Whisper Models

VoicePad uses faster-whisper, a CTranslate2-optimised implementation of OpenAI Whisper.

Default Model

The default model is turbo, a fine-tuned version of large-v3 that is significantly faster while maintaining high accuracy.

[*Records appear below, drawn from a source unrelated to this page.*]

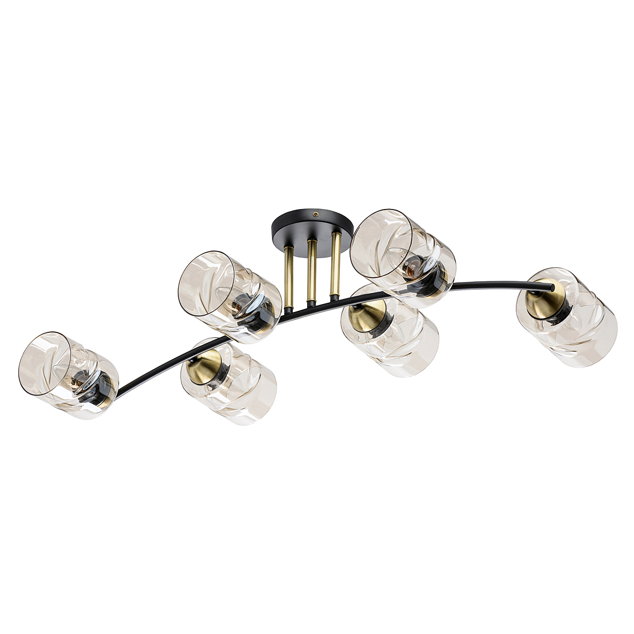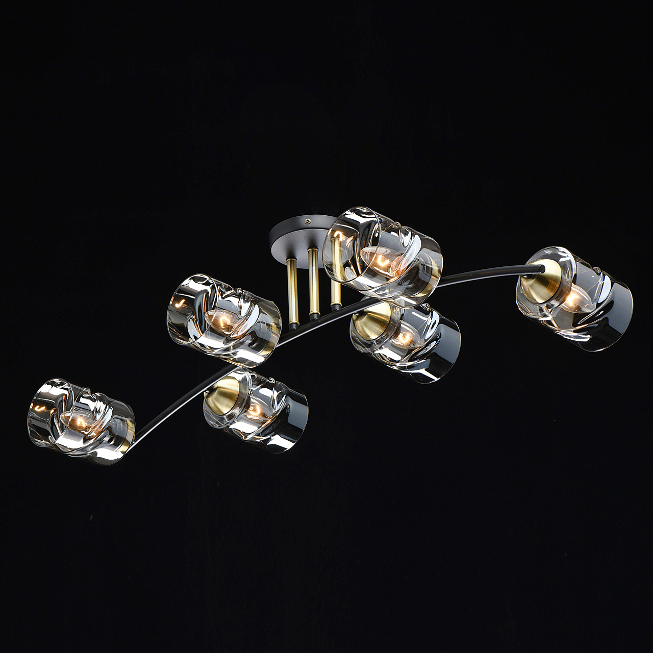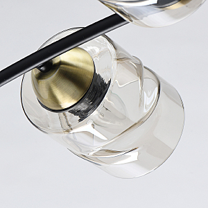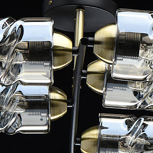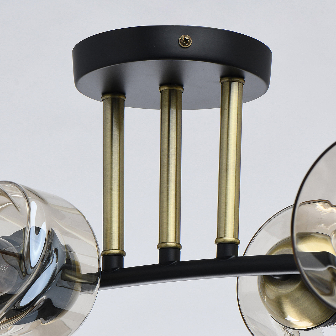 Компактная высота модели идеальна для стандартной высоты потолка.Комбинация фактур металла черного цвета и античной бронзы в тренде.Плафоны скрученной формы из тонированного стекла обеспечивают мягкий световой поток. Заменяемые источники света удобны в эксплуатации.
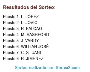 Lista de participantes: C. STUANI, WILLIAN JOSÉ, L. JOVIĆ, R. JIMÉNEZ, R. FALCAO, L. LÓPEZ, J. VARDY, M. RASHFORD.
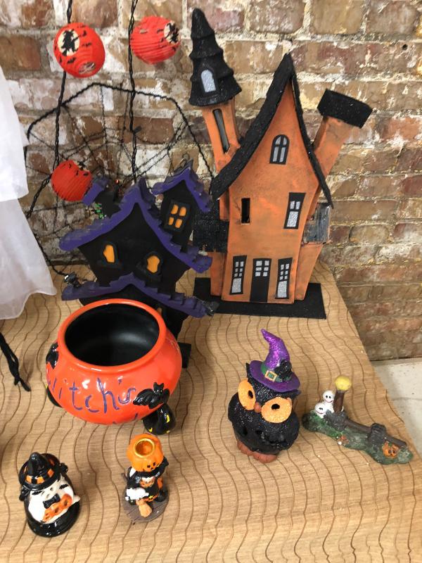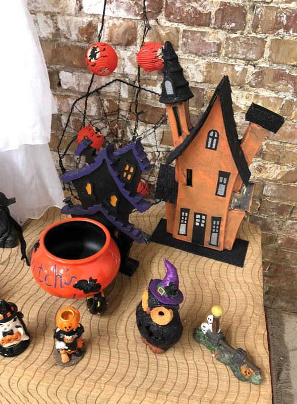 lot HALLOWEEN DECORATIONS trees houses figurines
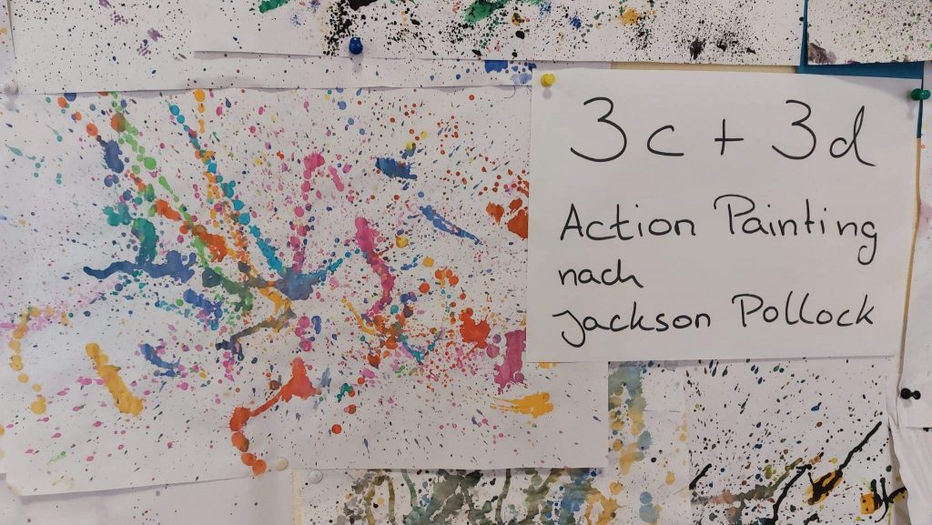 Action Painting- Aktionsmalerei? Schon mal gehört? Nein? Unsere Drittklässler*innen schon! Im Kunstunterricht haben sie sich nämlich von Jackson Pollock und seiner Kunst inspirieren lassen und haben ihre Farbe wahllos durch Spritzen, Klecksen, Gießen aufs Papier gebracht. Der Ausdruck und die Kraft der Bilder ist dem puren Zufall überlassen.
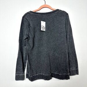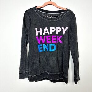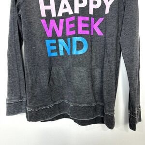 Chaser NWT Happy Weekend Graphic Crewneck Long Sleeve Tee Charcoal Size Medium
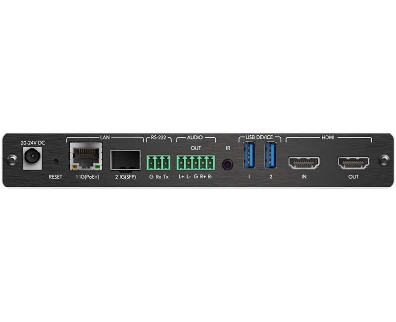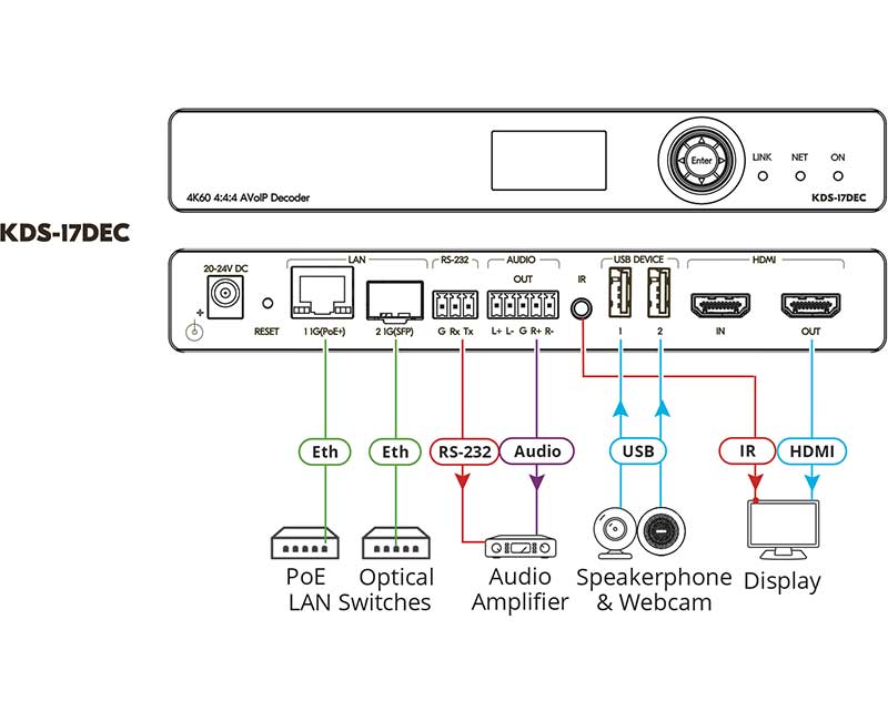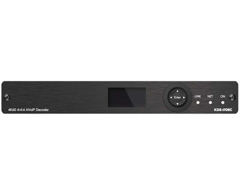 Kramer KDS-17DEC — декодер и приёмник из сети Ethernet сигналов HDMI разрешением до 4K@60 Гц (4:4:4), а также сигналов аудио, RS-232, ИК и USB. KDS-17DEC производит преобразование цифрового потока, передаваемого по сети IP на основе медной витой пары и/или оптоволоконного кабеля в режиме Unicast или Multicast, в исходный сигнал HDMI с деэмбедированием аудио, а также сигналы RS-232, ИК и USB.
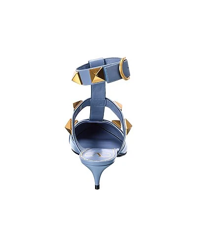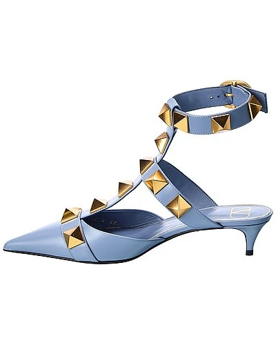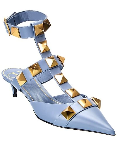 - Roman Stud 40 Leather Pump in blue leather and gold-tone hardware with Roman studs
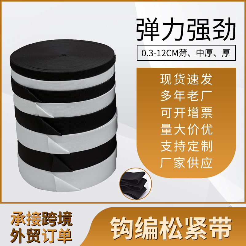 メーカー直供白黒フック弾性ベルトカラーズボン腰平幅ゴム筋平織り高弾フック編み弾性ベルト卸売り
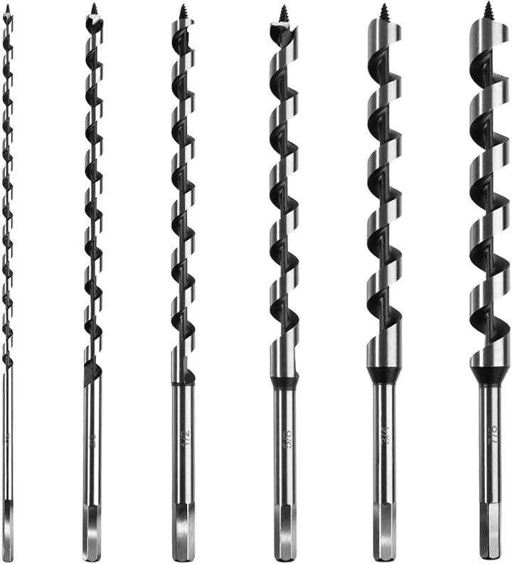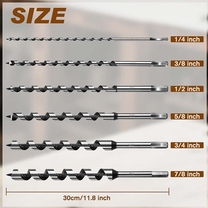 「セット内容」本木工用ドリルビットセットは6サイズ(1/4インチ、3/8インチ、1/2インチ、5/8インチ、3/4インチ、7/8インチ)を収録し、全長12インチ。

It is the recommended model for most users with an NVIDIA GPU.

Model Comparison

Model	Parameters	VRAM	Speed	Accuracy	Language
`tiny`	39 M	< 1 GB	Very fast	Low	Multilingual
`base`	74 M	< 1 GB	Fast	Fair	Multilingual
`small`	244 M	~1 GB	Moderate	Good	Multilingual
`medium`	769 M	~2 GB	Slow	Very good	Multilingual
`large-v2`	1.5 B	~5 GB	Very slow	Excellent	Multilingual
`large-v3`	1.5 B	~5 GB	Very slow	Excellent	Multilingual
`turbo`	809 M	~3 GB	Moderate	Excellent	Multilingual
`distil-small.en`	134 M	< 1 GB	Fast	Good	English only
`distil-medium.en`	394 M	~1 GB	Moderate	Very good	English only
`distil-large-v2`	756 M	~3 GB	Slow	Excellent	English only
`distil-large-v3`	756 M	~3 GB	Slow	Excellent	English only

Which Model Should I Use?

Your Hardware	Recommended Model
NVIDIA GPU, 4 GB VRAM	`turbo`
NVIDIA GPU, 6-8 GB VRAM	`turbo` or `large-v3`
NVIDIA GPU, < 4 GB VRAM	`small` or `distil-small.en`
CPU only	`small` or `base`

Changing the Model

Open the Settings tab in VoicePad, select a model from the dropdown, and press Save. VoicePad reloads the model immediately.

The first time you use a new model, it downloads from HuggingFace. Download sizes range from ~75 MB (tiny) to ~3 GB (large-v3). After the first download, the model is cached locally and no network access is required.